■ WHAT NEEDS TO BE DONE
Could you output each line below precisely as it stands, without the images?

■ GIVEN INFORMATION
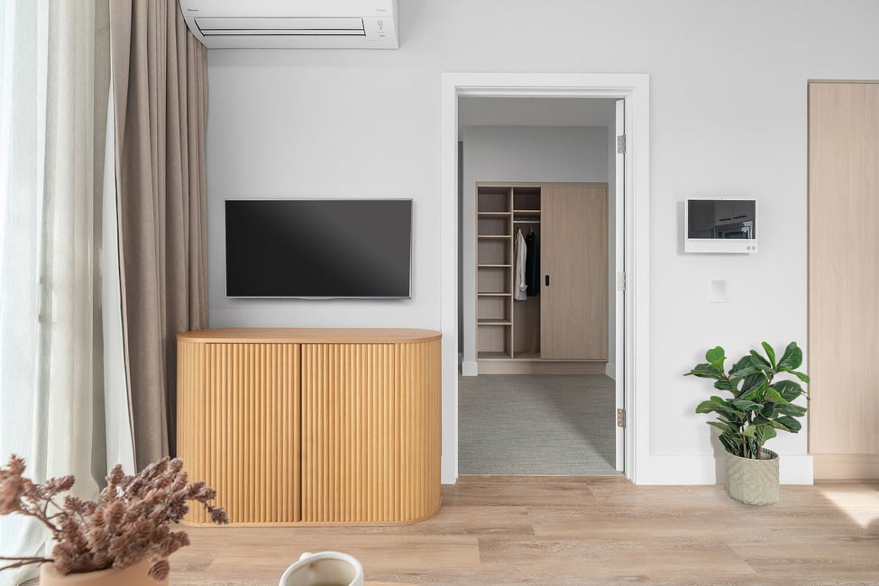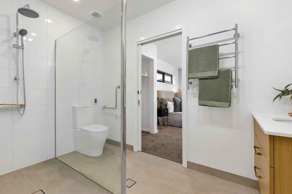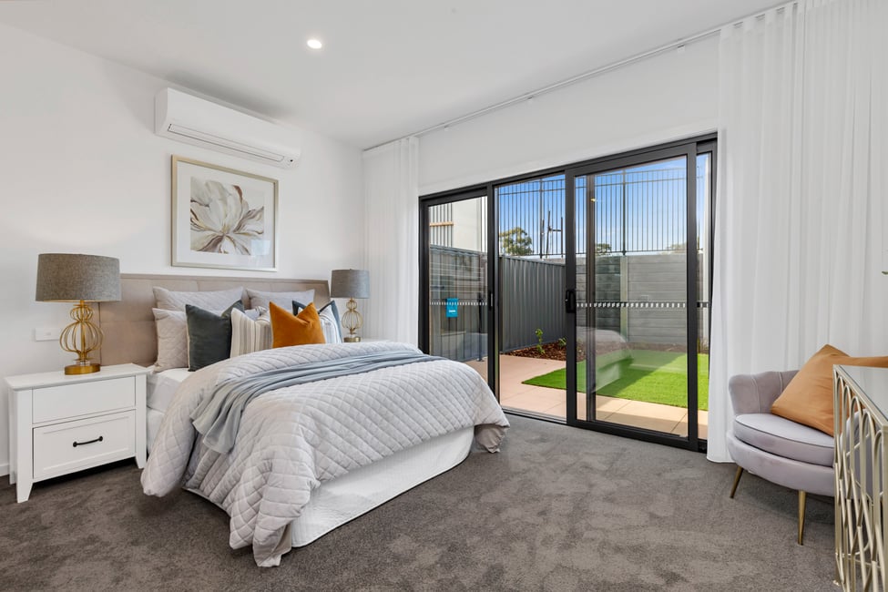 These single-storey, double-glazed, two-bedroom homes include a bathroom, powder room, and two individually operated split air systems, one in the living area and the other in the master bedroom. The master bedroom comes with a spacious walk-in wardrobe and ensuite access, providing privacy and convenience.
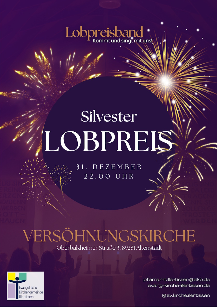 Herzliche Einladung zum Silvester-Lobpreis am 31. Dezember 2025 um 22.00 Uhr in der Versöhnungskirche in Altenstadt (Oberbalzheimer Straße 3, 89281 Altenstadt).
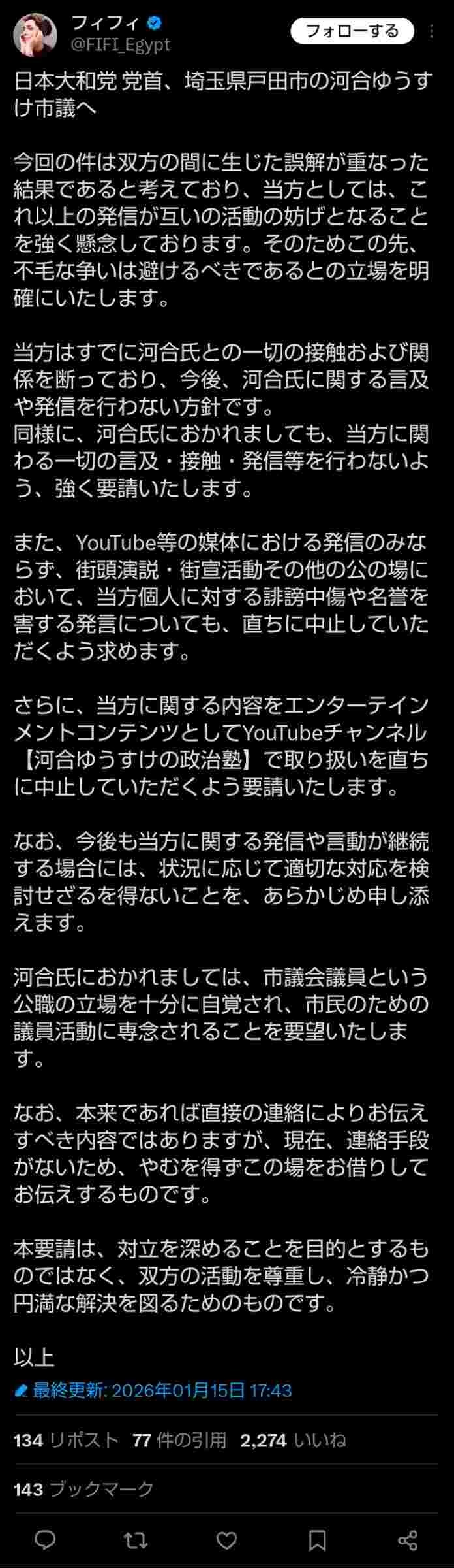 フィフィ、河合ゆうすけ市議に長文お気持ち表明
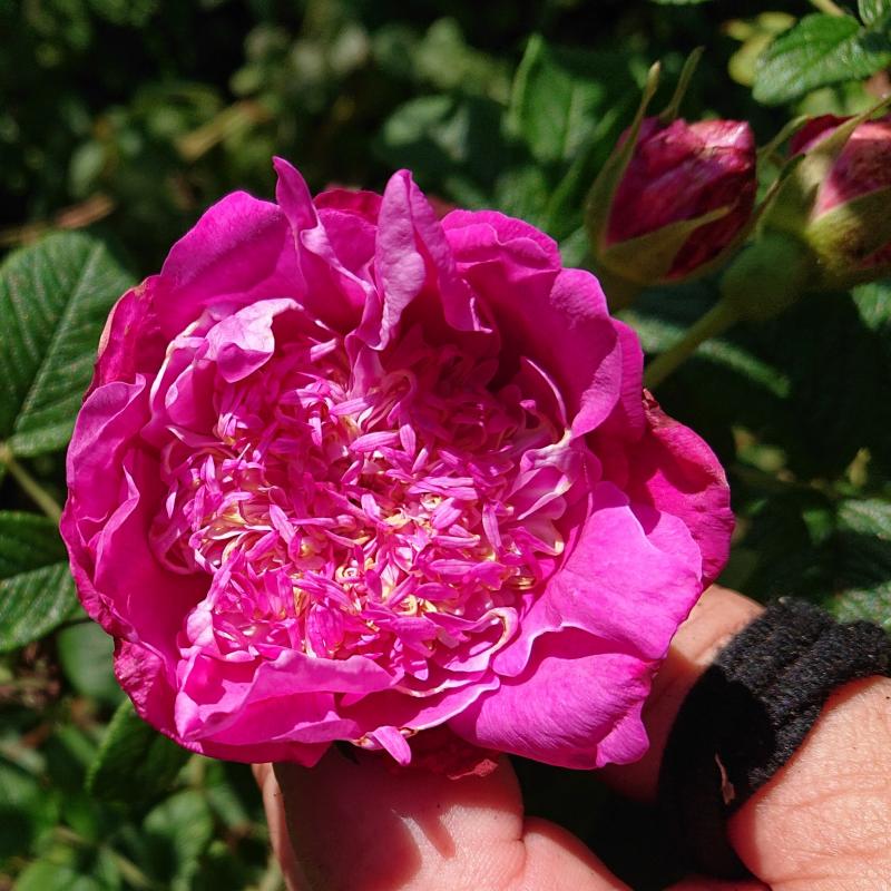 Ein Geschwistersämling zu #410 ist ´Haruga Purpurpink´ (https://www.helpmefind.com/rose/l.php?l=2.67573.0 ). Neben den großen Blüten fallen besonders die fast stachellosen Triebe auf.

■ ANSWER SPACE
 These single-storey, double-glazed, two-bedroom homes include a bathroom, powder room, and two individually operated split air systems, one in the living area and the other in the master bedroom. The master bedroom comes with a spacious walk-in wardrobe and ensuite access, providing privacy and convenience.
 Herzliche Einladung zum Silvester-Lobpreis am 31. Dezember 2025 um 22.00 Uhr in der Versöhnungskirche in Altenstadt (Oberbalzheimer Straße 3, 89281 Altenstadt).
 フィフィ、河合ゆうすけ市議に長文お気持ち表明
 Ein Geschwistersämling zu #410 ist ´Haruga Purpurpink´ (https://www.helpmefind.com/rose/l.php?l=2.67573.0 ). Neben den großen Blüten fallen besonders die fast stachellosen Triebe auf.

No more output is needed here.